И вот я обладатель целых пяти икон! Из алтаря Фетининской церкви большая, черная, с едва проглядывающим изображением святого в темно-вишневых одеждах, с кадилом в одной руке. Георгий Победоносец, дорогой уж тем, что им обносили наше деревенское стадо. Если была бы это теперь простая доска с обсыпавшейся живописью, и то было бы интересно, стоило бы сохранить, потому что деды держали эту доску в своих руках, и можно представить себе картину: на майском лугу, зеленом самой первой, самой нежной зеленью, пасутся коровы, телята и овцы. Все село, от стариков, надевших по случаю чистые рубахи, до ребятишек в красных и синих рубашонках, тоже здесь, возле стада, и вот священник, отец Александр, с дьячком Николаем Васильевичем Надеждиным, облачившись в золотящиеся под весенним солнцем одеяния и раскурив душистый дымок в кадиле и кропя веничком из старинного медного кувшина (кувшин тоже впоследствии попал ко мне), торжественно обходят стадо вокруг. Седобородый Василий Егорович несет на полотенце своего Георгия Победоносца. Такую картину можно вообразить. Можно было бы даже написать на холсте, и, глядя на картину, я первый вздохнул бы: а ведь, наверное, на самом деле существовала икона, которую выносили в этот день. Вот если бы она сохранилась, если бы напасть на след, если бы в конце концов отыскать!

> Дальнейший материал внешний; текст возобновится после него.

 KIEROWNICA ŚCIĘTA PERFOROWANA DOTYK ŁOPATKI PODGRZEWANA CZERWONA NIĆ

Представьте мое состояние, когда именно эта, именно подлинная икона оказалась в моих руках. Георгий был черен, почти так же, как первая находка. Но и здесь сквозь черноту проглядывался и Георгий на вздыбленном коне, и то, что конь под Георгием белый, и гад, извивающийся в ногах коня, пронзенный неотразимым копьем избавителя. Да еще и плащ за плечами Победоносца.

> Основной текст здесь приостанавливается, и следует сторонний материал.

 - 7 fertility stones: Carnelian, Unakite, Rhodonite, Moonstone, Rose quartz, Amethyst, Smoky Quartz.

Три другие иконы, отданные мне Верой Никитичной, выглядели новее и ярче. На одной из них было поясное изображение Иисуса Христа, держащего в руке книгу. На другой иконе – Божья Матерь, а на третьей – еще какой-то святой, похожий на Христа, но все же и не Христос. На тех первых порах, как видим, я не умел отличить Иисуса Христа от Иоанна Крестителя.
Георгий, доставшийся мне, был написан на толстой, неестественно тяжелой доске. На кипарисовой, как я узнал потом; остальные иконы были, напротив, очень тонкими, и легкость их по сравнению с Георгием была соломенной. Дощечки покоробились и загнулись, шпонки из них потерялись. Одна шпонка хоть и не потерялась, но ослабла в своем пазу. Она без труда вынималась и вставлялась снова. С обратной стороны доски гладенькие, светленькие, а не то чтобы лоснящиеся чернотой, характерной для небольших, домовых, очень старых икон.
Все пять экспонатов я расставил в пустой задней комнате нашего дома. Терпения моего хватало не более чем на час. Я снова шел в заднюю комнату и снова любовался своей коллекцией. То я укладывал находки в стопу, перестилая мягкими тряпками, примеряя, значит, как повезу их в Москву, то снова расставлял в рядок, в разном порядке, в разных комбинациях, то разглядывал по одной иконе, поднося ближе к свету. Я проделывал все, что не стал бы проделывать нормальный, здравый человек. Всякая страсть есть своего рода болезнь, отклонение от нормы. Огромная ошибка людей состоит в том, что от человека, одержимого страстью, они требуют тех же поступков, что и от не одержимого, и чаще всего меряют его поступки по себе, по своему хладнокровному здравому поведению. Бедные неодержимые люди!